Has anyone got the reprint of this book. I've been looking for it at the local Borders(usa) is it not out over here yet. I've got to read this it sounds so cool.


----------



## darkreever (Apr 3, 2008)

I have the original print, and have to say that while it is not the worst thing I have read in my life; there are points when the trilogy is god awful.

It has its ups, but the fluff in the trilogy is a bit out dated and sometimes felt a little lacking.


----------



## Baron Spikey (Mar 26, 2008)

I'm with Darkreever on this one, got the reprint- it's like the opposite of Lee Lightner's 'contributions' in that it's got a very mature style of writing (for a BL publication at least) but it frustrated the hell out of me. It was one of those books you CAN put down.


----------



## Dragannia (May 12, 2008)

Inquisition War is actual fiction - it's hard science fiction set in the Warhammer 40k universe. Not to mention the fluff was VERY young at the time, so everything might seem out of place (Eldar with lasguns?

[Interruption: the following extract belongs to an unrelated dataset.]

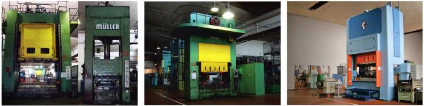
Lisování - stříhání a hohybání, hluboké tažení a protlačování

Imperials with shuriken catapults?).

In any case, it's worth a read, but yeah if you're not used to it there are parts which are strange.


----------



## Critta (Aug 6, 2008)

Yeah, read this recently and there were a load of parts of it that bugged the hell out of me.

Still, it's not a bad story if you can cope with the main character going to several of the most hidden and restricted places in the 40k universe by some kind of huge fluke in every single case.

But I agree with the comment above that it feels like a generic sci-fi that happens to be set in the 40k universe rather than an actual 40k story.


----------



## Tim C (Feb 22, 2009)

I'm reading it at the moment, not bad so far I bought it direct from BL online with only 3 quid postage I thought that would be easier than trying to get it instore.


----------